Stories start with the basics. Construction paper and glue and the fourth of July. The in-ground pool at the house on Main Street and Miss Pat’s birthday cake and crepe paper on the banister. That fat old cat. And then it was Minnie Mouse striped shirts and blue overalls and pretzel rods at lunch time, splinters in my chin. We moved, unencumbered by thought, floating through time without the leaden weights of responsibility, our brains still mushy like Play-Doh, lips salty from goldfish and seaweed cakes. You knew the magic recipe, always enough water, never too much sand.
And now, as I sit and write this, shoveling out bar peanuts with a spoon, broken foot hanging awkwardly off my knobby ankle, bad lounge music drowning out the Germans on either side of me, I am awash in flashes of innocence. The secret garden, behind the trees and over the fence, singularly accessible by way of the sacred quarter. Tuesday night, frogs raining from the sky, waking up to lily pad-covered station wagons. You, the master of hollow wood casing and horse hair strings; me, the master of horseplay. Rambunctious. Clouds on both our ceilings.
Somewhere along the way we struck a balance. Or maybe it was there all along, from the beginning. My noise to your quiet, your blonde to my brown. We could crawl through the mailbox to an underwater world, gold and silver, long hair and mermaid tails. Bleeding hearts in the backyard, torn apart, gave way to magic wands. And somehow, so fast, it was plaid skirts and blazers. Casual Fridays and double pickles. St. Louis and Washington DC and giant trampolines. And then again, so fast, it was over. Back to flared jeans and too-short t-shirts and would you pass the test? Lift up your arms, let me see if your stomach shows.
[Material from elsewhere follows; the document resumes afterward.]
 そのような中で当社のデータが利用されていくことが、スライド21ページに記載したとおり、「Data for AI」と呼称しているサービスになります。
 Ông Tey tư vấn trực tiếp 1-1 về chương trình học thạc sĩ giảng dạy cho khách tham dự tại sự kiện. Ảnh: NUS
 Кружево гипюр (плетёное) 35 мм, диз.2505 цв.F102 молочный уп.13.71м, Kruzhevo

We found boys. And men. And men who were still boys. Tylers and Bens and Ryans and Brians and Morgans and Austins and Toms. We traded pants and lost our hearts. Lost our minds. Found them again and started all over. Found music, found god, found ecstasy and alcohol and life and death and music again. I stayed up all night and stole the car and slept in your ditch. You climbed out your window and smoked cigarettes on the roof. Hot summer nights and no shoes. You drank my dad’s tequila, I chewed through pills and pen caps. And then, again, it was over, and we were out. Putting needles through our noses, puking all night and sleeping under your bed. The weed doesn’t smell if you exhale through dryer cloths. Cocaine sex can last all night. Breakfast at the sunroom and dinosaur Halloweens.
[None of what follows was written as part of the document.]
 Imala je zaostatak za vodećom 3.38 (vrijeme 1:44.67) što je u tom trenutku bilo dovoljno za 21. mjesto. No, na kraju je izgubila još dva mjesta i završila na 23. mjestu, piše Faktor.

Still, the music. Every weekend, every week, every day. Everclear and Tab and music. Haircuts and holidays and music. Sailor Jerry and pit bulls and overdoses. And music. When the bottle is empty you can light it on fire. I moved to New York and you worked in a bakery, and we drank and we smoked and we sang full of sorrow, and when they found Brandon dead you called me and we cried and I screamed and we cried and I got in the shower and cried and cried. We lived together in that big brown house and I still never slept. Big plastic cups of boxed wine to come down, and that was the closest I’ve been to over the edge. One foot on the platform, the other foot on the train.
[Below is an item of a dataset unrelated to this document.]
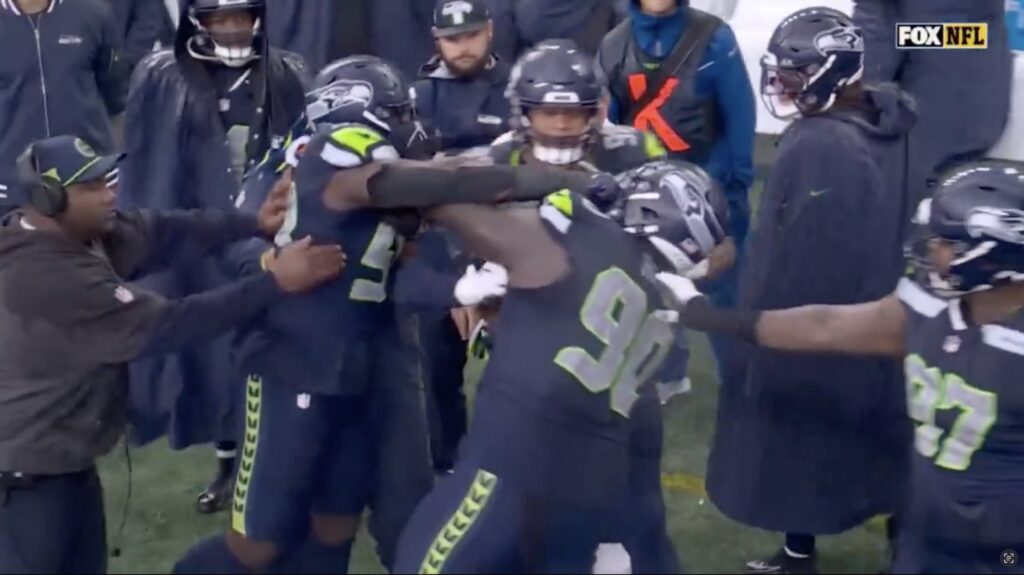 Seahawks defensive lineman Derick Hall and Jarren Reed had to be separated by teammates after getting into a physical altercation. It’s unknown what caused the altercation but the two were going at it on the field as well before getting physical on the sidelines.

In the wee morning hours, hearing noises outside and seeing mice under doorways, I tipped into the dark side, rescued only by house meetings, the college girl’s intervention. I dropped out and moved to New York again, this time for good. You moved to France, and thank god, returned. And I became an orphan and you became Ivy League and I quit the pills and you cut up caterpillars and studied their guts. And we took the train and spilled our own guts. Round trips on Metro-North and hangovers and hotel rooms.
And now, in a day, a whole country between us. Rings on fingers and suspended promises. When the moon aligns with the street lights.